▶ _Exercise directions_: In the material below, find the line with "Iconic lamp of" and the line with "Premijerka Italije Đorđa". Output exactly those two lines and all lines between them, leaving out pictures.

▶ _Input records_:
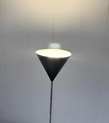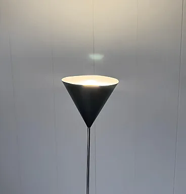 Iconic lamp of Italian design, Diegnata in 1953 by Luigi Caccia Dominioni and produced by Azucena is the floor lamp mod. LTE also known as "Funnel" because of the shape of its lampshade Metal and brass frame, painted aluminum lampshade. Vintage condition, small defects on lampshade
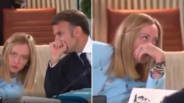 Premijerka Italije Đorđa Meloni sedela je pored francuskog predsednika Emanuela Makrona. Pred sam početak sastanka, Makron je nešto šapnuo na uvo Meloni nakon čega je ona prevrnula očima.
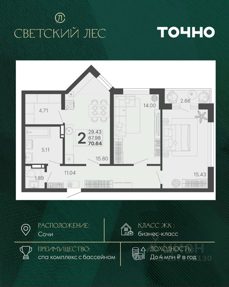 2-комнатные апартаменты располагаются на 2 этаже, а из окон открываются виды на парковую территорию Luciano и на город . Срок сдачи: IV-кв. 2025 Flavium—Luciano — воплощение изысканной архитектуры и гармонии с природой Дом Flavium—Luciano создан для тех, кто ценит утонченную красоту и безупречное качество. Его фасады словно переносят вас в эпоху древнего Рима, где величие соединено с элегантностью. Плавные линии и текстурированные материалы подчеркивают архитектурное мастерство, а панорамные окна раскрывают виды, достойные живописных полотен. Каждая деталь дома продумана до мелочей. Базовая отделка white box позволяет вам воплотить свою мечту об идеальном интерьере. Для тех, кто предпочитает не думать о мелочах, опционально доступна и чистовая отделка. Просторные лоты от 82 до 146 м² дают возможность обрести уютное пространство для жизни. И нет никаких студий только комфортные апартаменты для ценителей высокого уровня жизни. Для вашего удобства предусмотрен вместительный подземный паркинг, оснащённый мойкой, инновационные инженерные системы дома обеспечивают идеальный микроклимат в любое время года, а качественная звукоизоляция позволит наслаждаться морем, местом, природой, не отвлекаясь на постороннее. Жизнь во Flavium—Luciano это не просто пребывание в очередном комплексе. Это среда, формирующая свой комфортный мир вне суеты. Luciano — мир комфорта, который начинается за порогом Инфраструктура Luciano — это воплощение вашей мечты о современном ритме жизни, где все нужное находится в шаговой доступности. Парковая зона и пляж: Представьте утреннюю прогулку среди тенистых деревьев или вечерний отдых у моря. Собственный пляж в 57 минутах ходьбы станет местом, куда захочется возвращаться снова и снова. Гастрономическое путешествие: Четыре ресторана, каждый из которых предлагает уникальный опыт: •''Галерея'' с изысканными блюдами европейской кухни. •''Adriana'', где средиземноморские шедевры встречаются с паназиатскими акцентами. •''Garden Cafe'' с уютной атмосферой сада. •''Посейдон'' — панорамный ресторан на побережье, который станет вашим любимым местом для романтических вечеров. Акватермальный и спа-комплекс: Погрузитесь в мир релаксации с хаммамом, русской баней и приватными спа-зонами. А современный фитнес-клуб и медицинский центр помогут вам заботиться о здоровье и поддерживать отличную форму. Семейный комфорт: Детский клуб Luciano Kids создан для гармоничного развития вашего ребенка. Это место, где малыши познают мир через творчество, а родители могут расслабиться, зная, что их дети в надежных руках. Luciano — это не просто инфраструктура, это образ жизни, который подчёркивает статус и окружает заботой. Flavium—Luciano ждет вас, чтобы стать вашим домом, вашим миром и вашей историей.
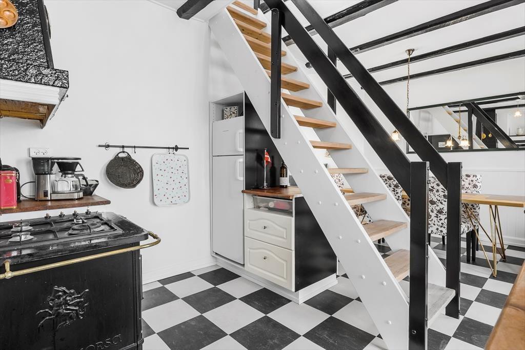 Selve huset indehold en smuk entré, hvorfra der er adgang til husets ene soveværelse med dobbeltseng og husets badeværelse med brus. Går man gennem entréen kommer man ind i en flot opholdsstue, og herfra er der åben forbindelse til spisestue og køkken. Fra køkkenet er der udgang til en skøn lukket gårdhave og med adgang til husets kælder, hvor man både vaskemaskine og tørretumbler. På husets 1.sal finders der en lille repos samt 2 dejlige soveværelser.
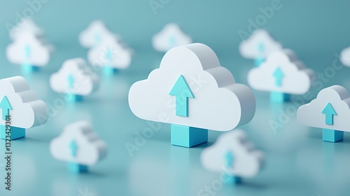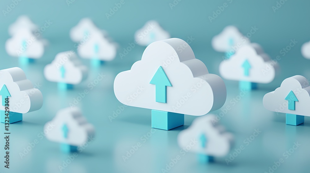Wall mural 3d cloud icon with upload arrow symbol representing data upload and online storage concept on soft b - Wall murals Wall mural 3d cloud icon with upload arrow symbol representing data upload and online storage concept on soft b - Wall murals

==

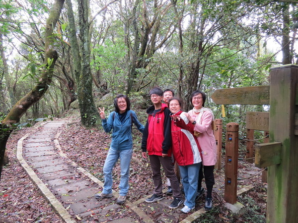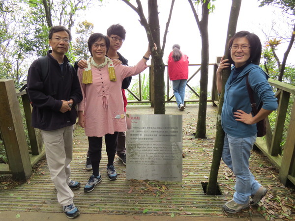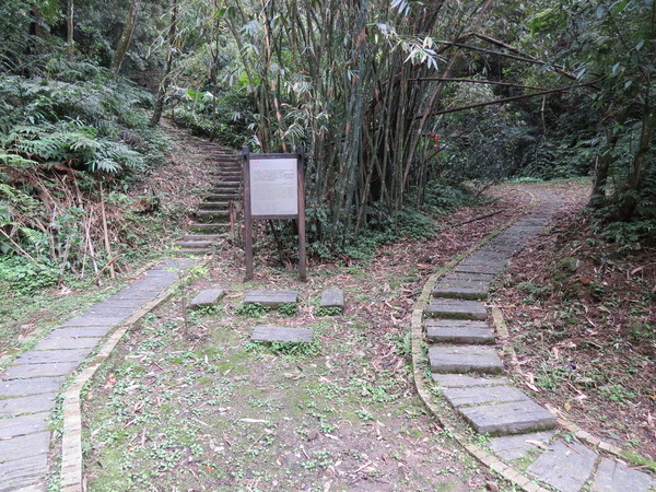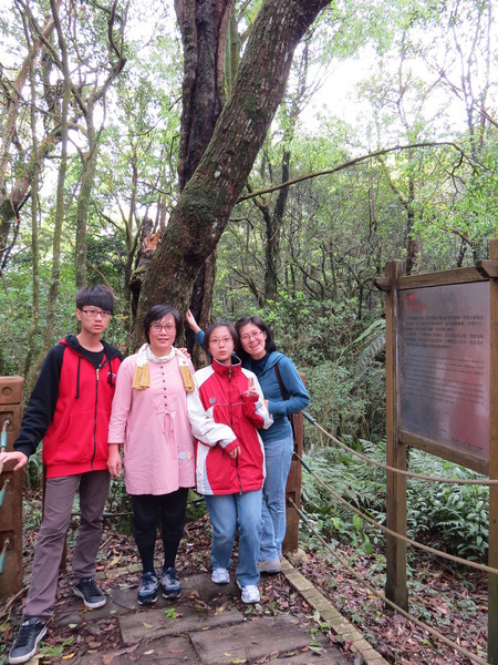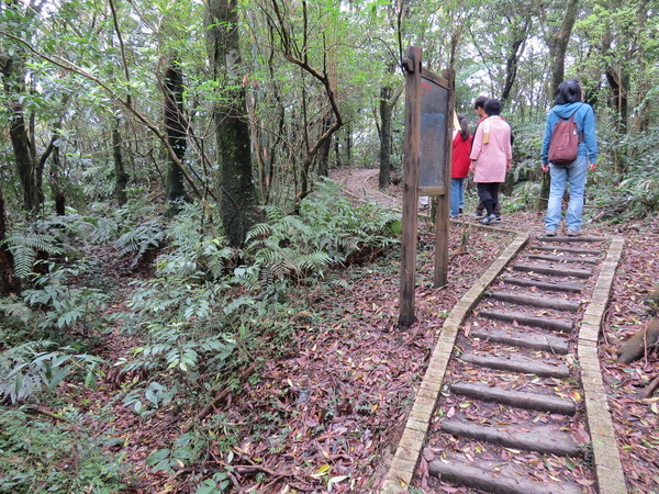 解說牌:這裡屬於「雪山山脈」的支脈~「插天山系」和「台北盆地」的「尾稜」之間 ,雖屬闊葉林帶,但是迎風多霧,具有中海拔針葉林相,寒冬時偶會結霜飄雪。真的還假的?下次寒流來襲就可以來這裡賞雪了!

...

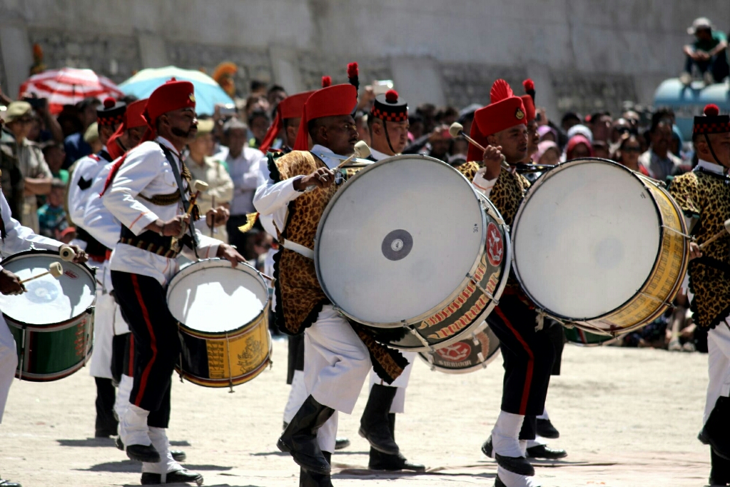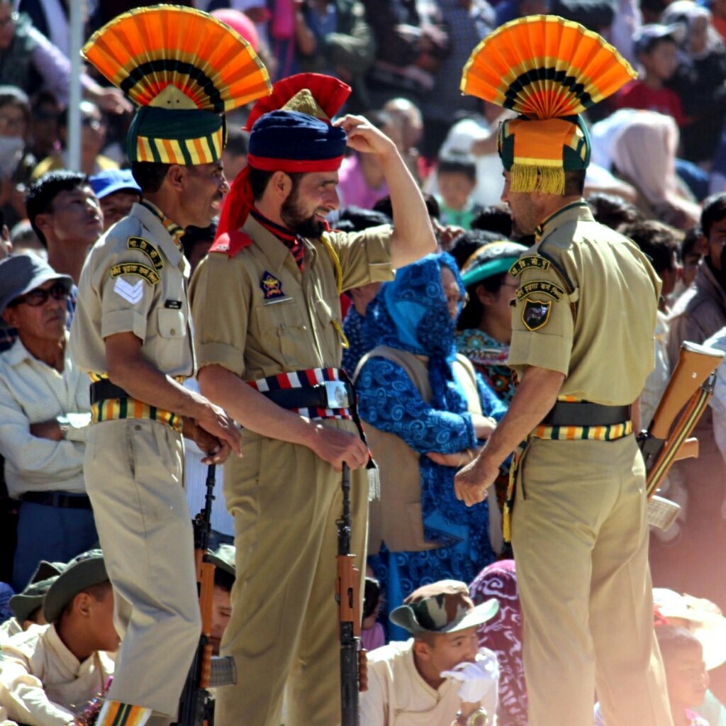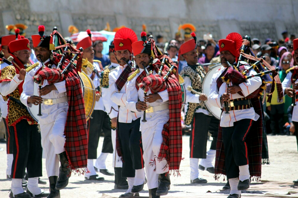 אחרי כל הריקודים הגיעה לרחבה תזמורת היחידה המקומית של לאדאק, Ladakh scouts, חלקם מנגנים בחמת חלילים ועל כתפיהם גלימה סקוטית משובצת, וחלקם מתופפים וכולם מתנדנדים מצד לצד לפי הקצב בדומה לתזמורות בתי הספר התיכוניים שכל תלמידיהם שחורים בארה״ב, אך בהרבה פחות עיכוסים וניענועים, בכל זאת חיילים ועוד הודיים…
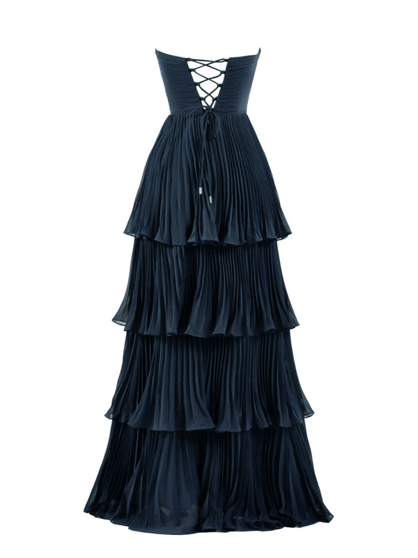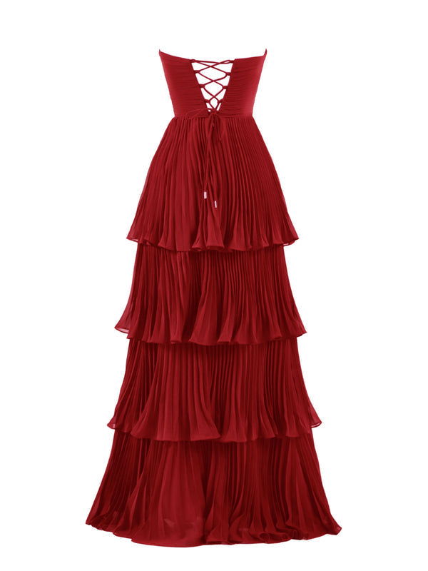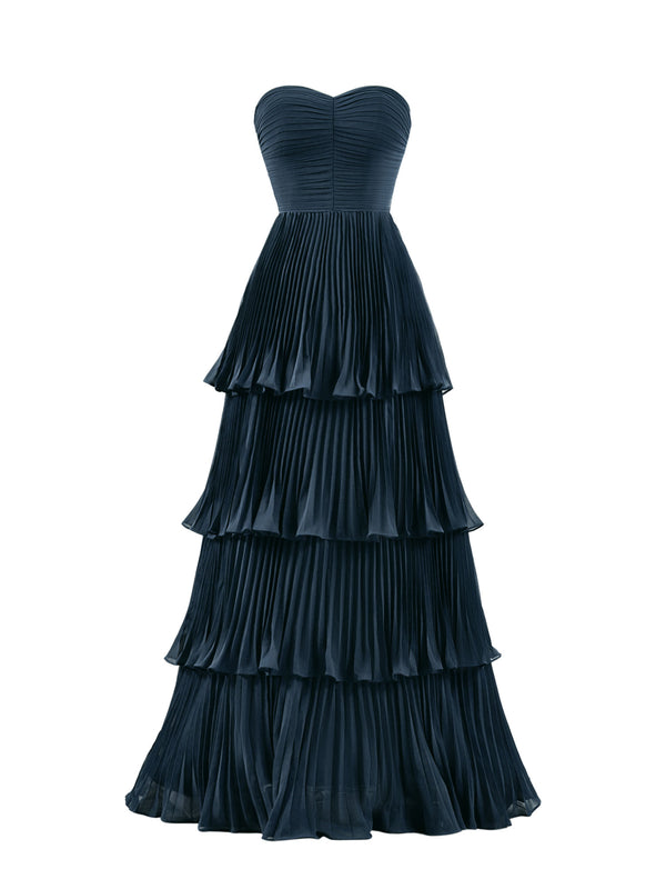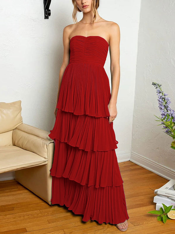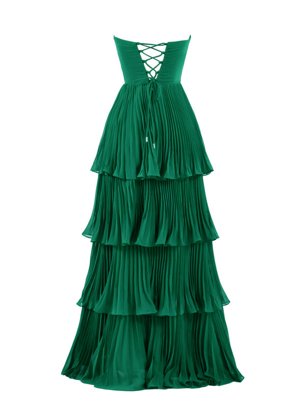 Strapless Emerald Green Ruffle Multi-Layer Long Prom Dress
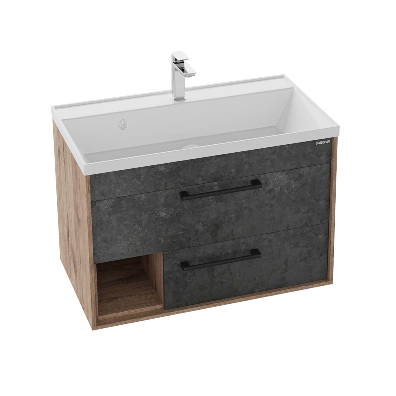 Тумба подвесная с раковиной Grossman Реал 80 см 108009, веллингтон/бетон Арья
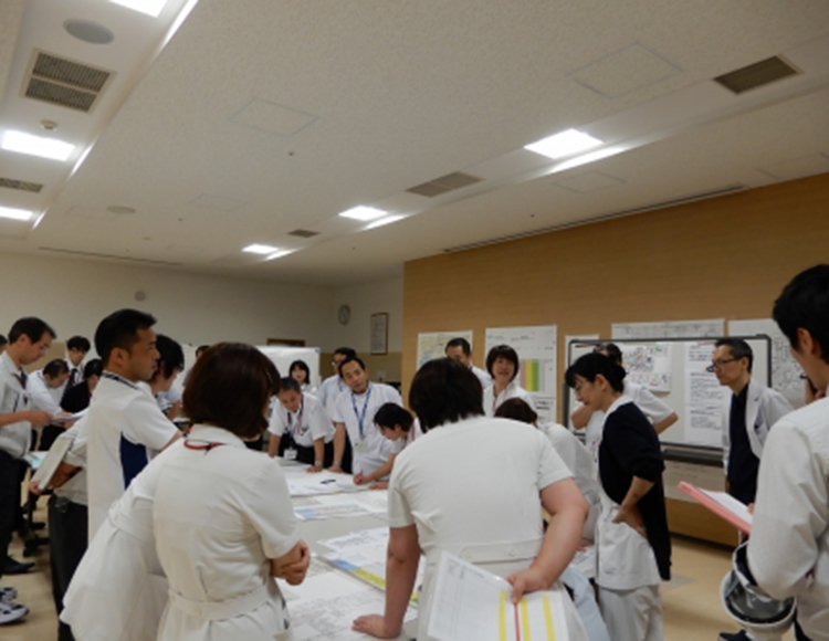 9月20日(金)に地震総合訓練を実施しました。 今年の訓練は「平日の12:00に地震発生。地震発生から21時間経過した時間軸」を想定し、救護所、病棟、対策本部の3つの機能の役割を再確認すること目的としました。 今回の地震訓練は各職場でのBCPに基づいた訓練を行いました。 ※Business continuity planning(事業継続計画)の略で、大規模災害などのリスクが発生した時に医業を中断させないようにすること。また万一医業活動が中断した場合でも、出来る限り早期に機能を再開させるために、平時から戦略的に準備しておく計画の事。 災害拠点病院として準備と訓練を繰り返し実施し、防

▶ _Written reply_:
 Iconic lamp of Italian design, Diegnata in 1953 by Luigi Caccia Dominioni and produced by Azucena is the floor lamp mod. LTE also known as "Funnel" because of the shape of its lampshade Metal and brass frame, painted aluminum lampshade. Vintage condition, small defects on lampshade
 Premijerka Italije Đorđa Meloni sedela je pored francuskog predsednika Emanuela Makrona. Pred sam početak sastanka, Makron je nešto šapnuo na uvo Meloni nakon čega je ona prevrnula očima.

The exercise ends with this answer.